* [EXERCISE DESCRIPTION]
From the data that follows, set down exactly the lines from the one with "歐萊博HJ-6A數顯恒溫磁力" through the one with "Diamond Mesh Round", counting both. Pictures stay out.

━━━━━━━━━━━━━━━━━━━━━━━━━━━━━━

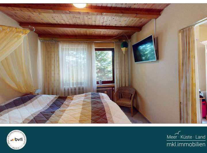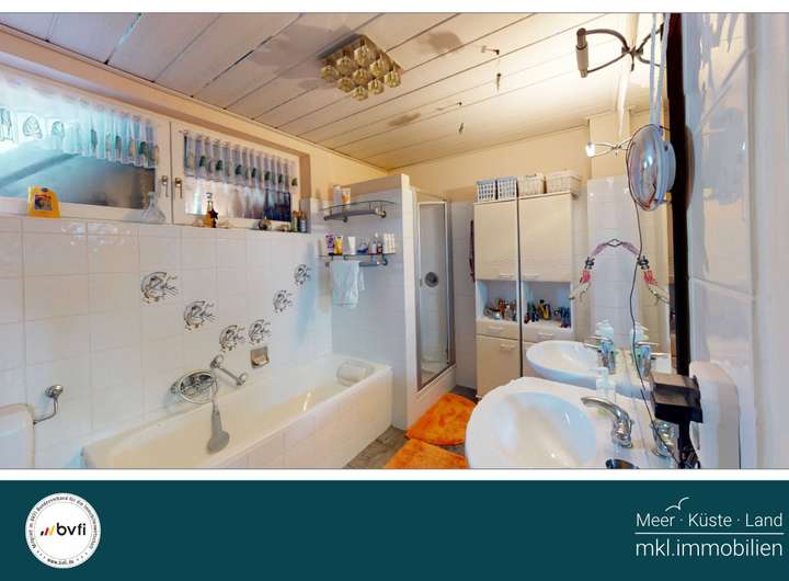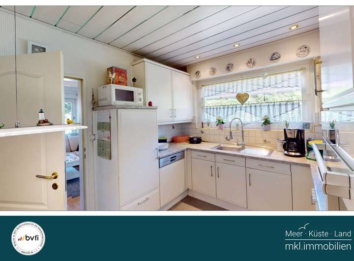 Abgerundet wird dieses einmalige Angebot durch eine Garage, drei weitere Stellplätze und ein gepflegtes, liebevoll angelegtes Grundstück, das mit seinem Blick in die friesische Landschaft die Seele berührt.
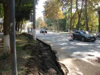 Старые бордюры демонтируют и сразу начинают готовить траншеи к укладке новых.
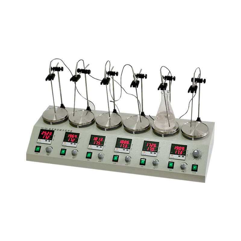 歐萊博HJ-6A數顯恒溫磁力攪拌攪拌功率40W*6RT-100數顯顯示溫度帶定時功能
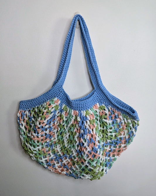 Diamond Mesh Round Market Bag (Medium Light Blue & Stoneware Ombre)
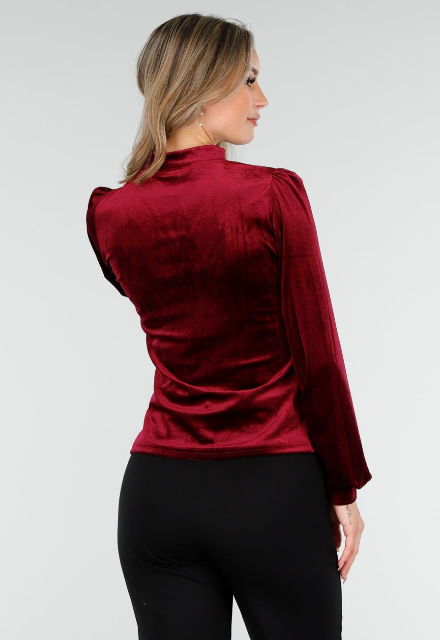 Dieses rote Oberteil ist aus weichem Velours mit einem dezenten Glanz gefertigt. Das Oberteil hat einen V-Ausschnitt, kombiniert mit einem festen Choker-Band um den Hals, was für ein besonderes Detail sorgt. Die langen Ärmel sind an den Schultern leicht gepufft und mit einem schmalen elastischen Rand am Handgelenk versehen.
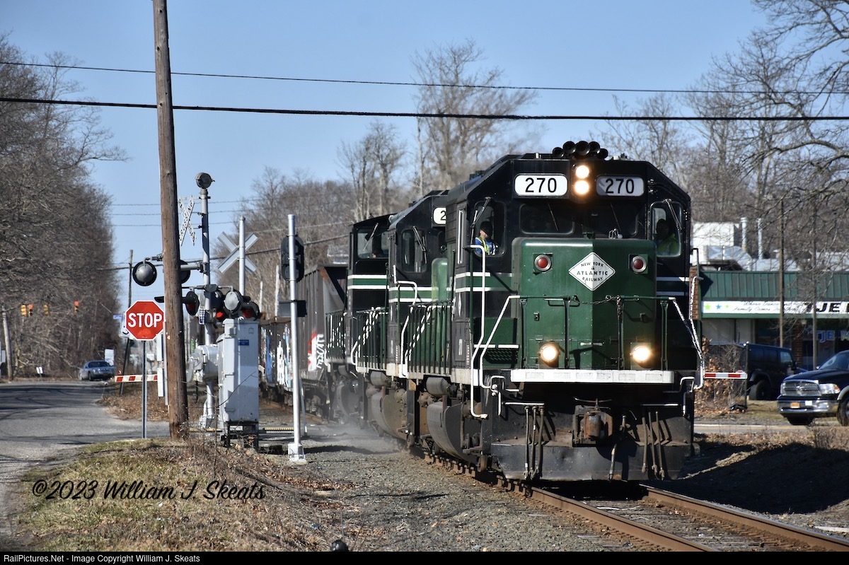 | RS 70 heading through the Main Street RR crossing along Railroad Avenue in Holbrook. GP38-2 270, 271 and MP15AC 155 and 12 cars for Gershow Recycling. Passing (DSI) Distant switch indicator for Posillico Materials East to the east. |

━━━━━━━━━━━━━━━━━━━━━━━━━━━━━━

* [TASK ANSWER]
 歐萊博HJ-6A數顯恒溫磁力攪拌攪拌功率40W*6RT-100數顯顯示溫度帶定時功能
 Diamond Mesh Round Market Bag (Medium Light Blue & Stoneware Ombre)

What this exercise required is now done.